- TASK STATEMENT
Retype the whole listing verbatim and keep the pictures out of it.

- COLLECTED DATA
----------
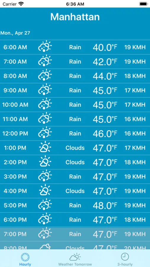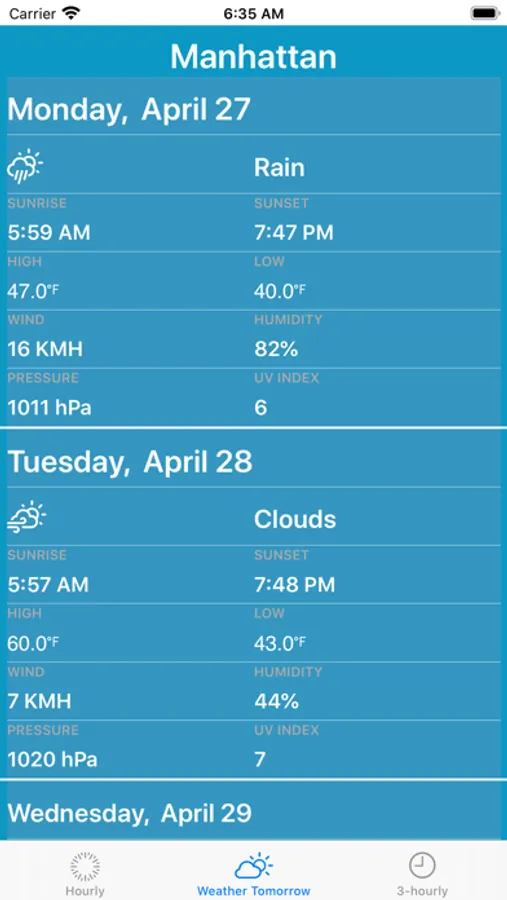 • Live weather conditions, clear or cloudy, temperature, wind speed information for your current place.
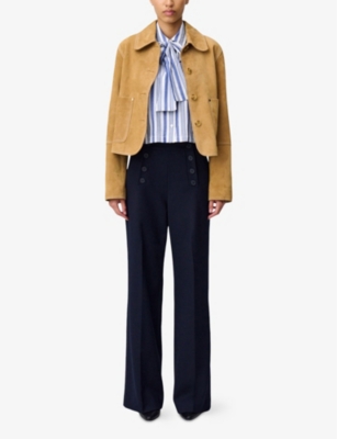 In our collection of Claudie Pierlot clothing, look out for bona fide classics you'd find in many armoires françaises - think nautical stripes, tailored blazers and wrap coats. Madam Claudie asserted that fashion should be suitable for everyday outfitting. These days, that means adaptable pieces which seamlessly slot into your life. This ethos translates to easy throw-ons like relaxed Claudie Pierlot tops, textured knitwear and neat skirts that will take you from important meetings to relaxed drinks with friends.
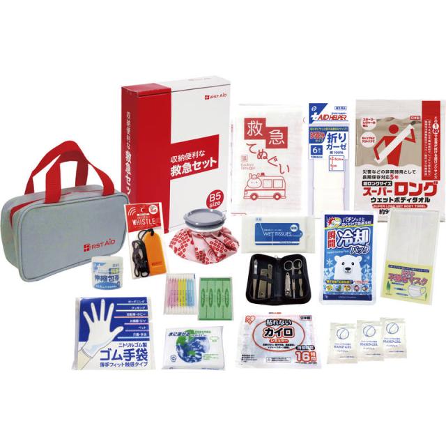 収納ポーチ(80×235×130mm)・カイロ・ホイッスル・折りガーゼ・ゴム手袋・マスク・エチケット6点セット・救急てぬぐい・ひょうのう・包帯・ボディタオル・絆創膏5P・水に流せるティッシュ・ウェットティッシュ・瞬間冷却パック×各1・ハンドジェル×3・綿棒10P×1
----------
- EXERCISE RESPONSE
 • Live weather conditions, clear or cloudy, temperature, wind speed information for your current place.
 In our collection of Claudie Pierlot clothing, look out for bona fide classics you'd find in many armoires françaises - think nautical stripes, tailored blazers and wrap coats. Madam Claudie asserted that fashion should be suitable for everyday outfitting. These days, that means adaptable pieces which seamlessly slot into your life. This ethos translates to easy throw-ons like relaxed Claudie Pierlot tops, textured knitwear and neat skirts that will take you from important meetings to relaxed drinks with friends.
 収納ポーチ(80×235×130mm)・カイロ・ホイッスル・折りガーゼ・ゴム手袋・マスク・エチケット6点セット・救急てぬぐい・ひょうのう・包帯・ボディタオル・絆創膏5P・水に流せるティッシュ・ウェットティッシュ・瞬間冷却パック×各1・ハンドジェル×3・綿棒10P×1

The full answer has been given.